Same reason the Corsair fighter has bent wings. Makes clearances easier.
Look at the lumpy, sticky-outy things on a tank car. You have the trucks/bogeys at the end bottom... and the massive fill valve and work safety area at center top. Lowering the center is advantageous to the car's clearance envelope, allowing it to have more tank volume in the same clearance plate (loading gauge for Brits, not that it would fit in any British tunnel save for the Eurostar).
For the last 100 years, railroads have been careening toward heavier and heavier cars, while many older system tunnels do not have high clearances. (Lines commercially viable for double-stack container service are being notched for double-stacks).
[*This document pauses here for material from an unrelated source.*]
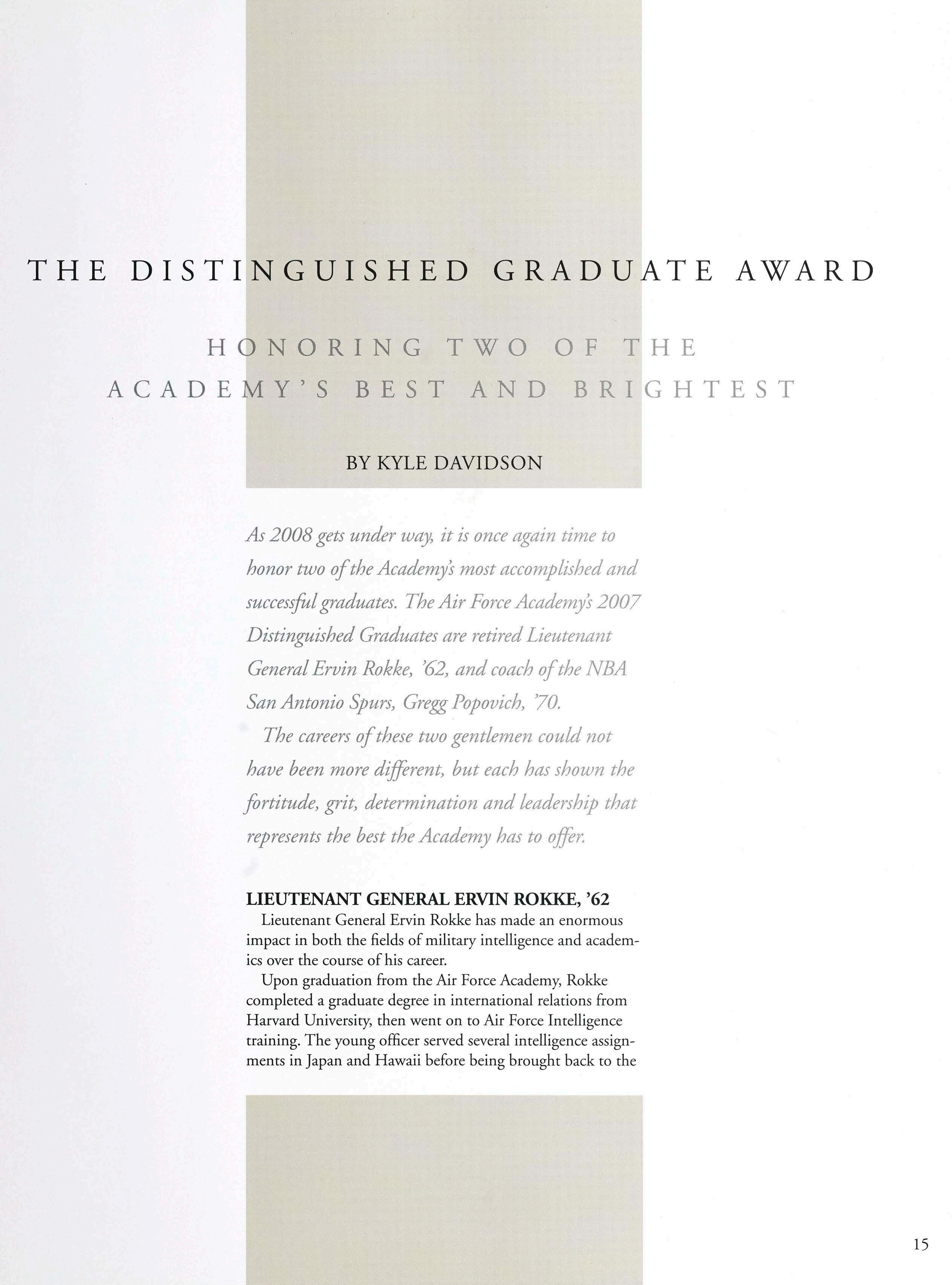 Retired Lt. Gen. Ervin Rokke, ’62, and Gregg Popovich, ’70, are named two ofthe Academy’s best.
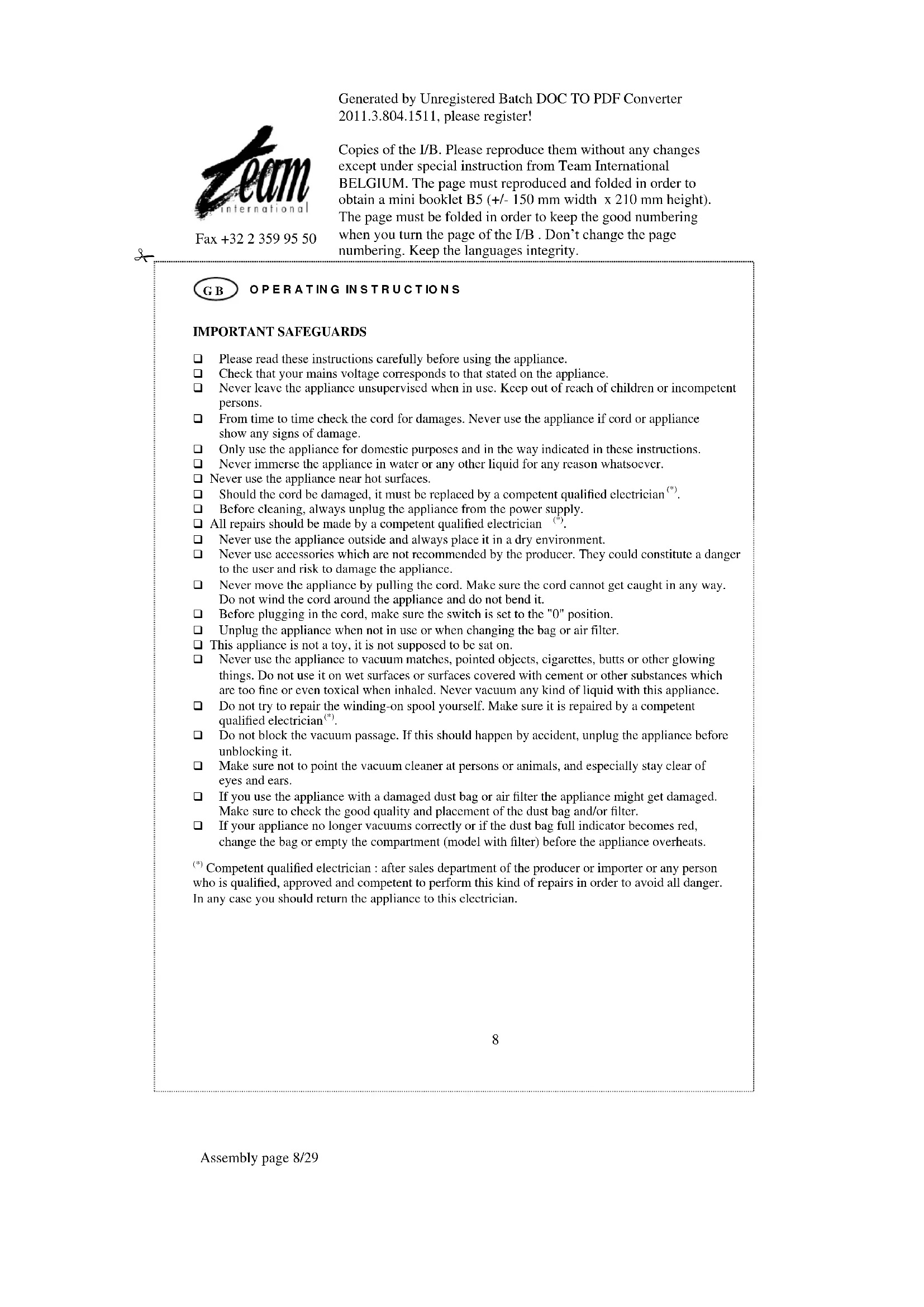 Competent qualified electrician : after sales department of the producer or importer or any person who is qualified, approved and competent to perform this kind of repairs in order to avoid all danger. In any case you should return the appliance to this electrician.Generated by Unregistered Batch DOC TO PDF Converter 2011.3.804.1511, please register! Copies of the I/B. Please reproduce them without any changes except under special instruction from Team International BELGIUM. The page must reproduced and folded in order to obtain a mini booklet B5 (+/- 150 mm width x 210 mm height). The page must be folded in order to keep the good numbering when you turn the page of the I/B . Don‟t change the page numbering. Keep the languages integrity.

Assures head space too. While the bend eases unloading, as NMech covers amply, it also prohibits entirely filling; there is an airspace above the load that simply cannot be filled, short of drawing a vacuum on the tank (which the Mythbusters showed is a bad idea).
Loads have different volumes at different temperatures. Notice the steam-heating apparatus in the cutaway on the drawing. That means the car is intended for loads that may be too thick to flow without heating. That material's volume will increase while you are heating it, or simply the inevitable effect of 16 hours in the Arizona sun on a car painted flat-black. You do not want the car to "hydraulic lock"; that would send pressure up very rapidly and crack the tank.
That "unfillable" volume assures there is head space for the liquid to expand into; of course this compresses the gas there somewhat, increasing pressure on the whole vessel; but nothing it can't handle.